• _Exercise brief_
Set down, please, exactly the lines below that run from the line with "There's no ocean" to the line with "Lab safir, garnet", both lines included.

• _Dataset_
------------------------------------------------------------------------

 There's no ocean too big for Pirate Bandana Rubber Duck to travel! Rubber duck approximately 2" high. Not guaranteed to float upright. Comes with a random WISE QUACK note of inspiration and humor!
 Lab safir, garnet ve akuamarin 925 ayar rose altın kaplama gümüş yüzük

------------------------------------------------------------------------

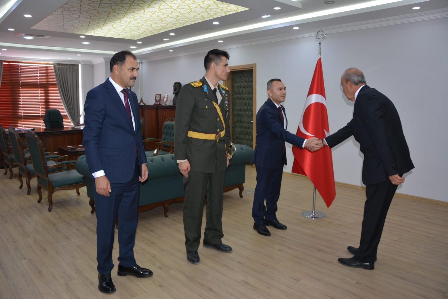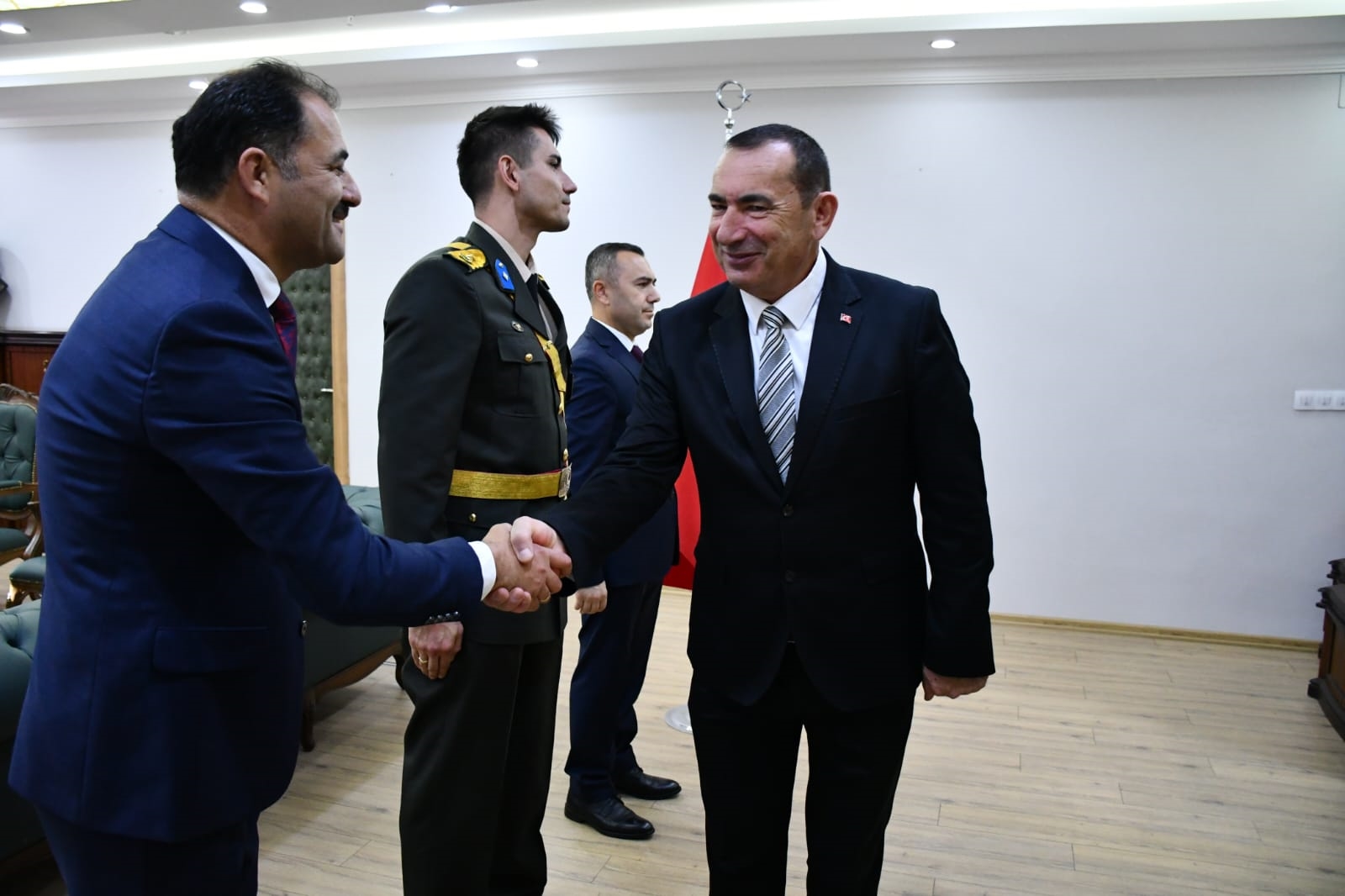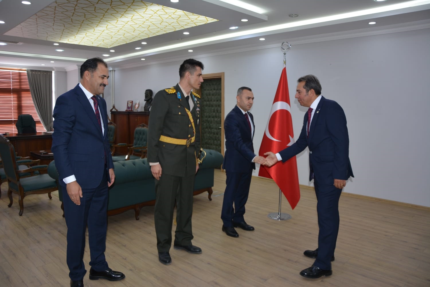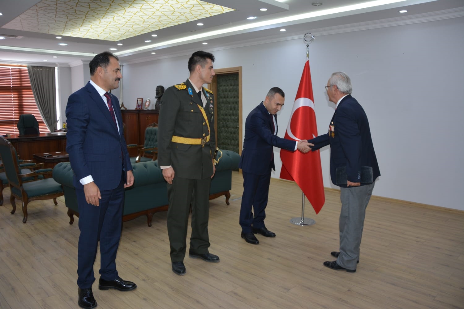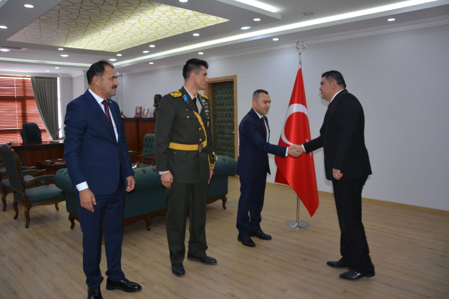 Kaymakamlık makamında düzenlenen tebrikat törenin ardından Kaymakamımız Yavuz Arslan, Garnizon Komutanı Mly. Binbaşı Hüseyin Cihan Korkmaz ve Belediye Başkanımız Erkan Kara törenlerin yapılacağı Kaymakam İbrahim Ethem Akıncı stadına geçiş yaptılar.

------------------------------------------------------------------------

• _Completed exercise_
 There's no ocean too big for Pirate Bandana Rubber Duck to travel! Rubber duck approximately 2" high. Not guaranteed to float upright. Comes with a random WISE QUACK note of inspiration and humor!
 Lab safir, garnet ve akuamarin 925 ayar rose altın kaplama gümüş yüzük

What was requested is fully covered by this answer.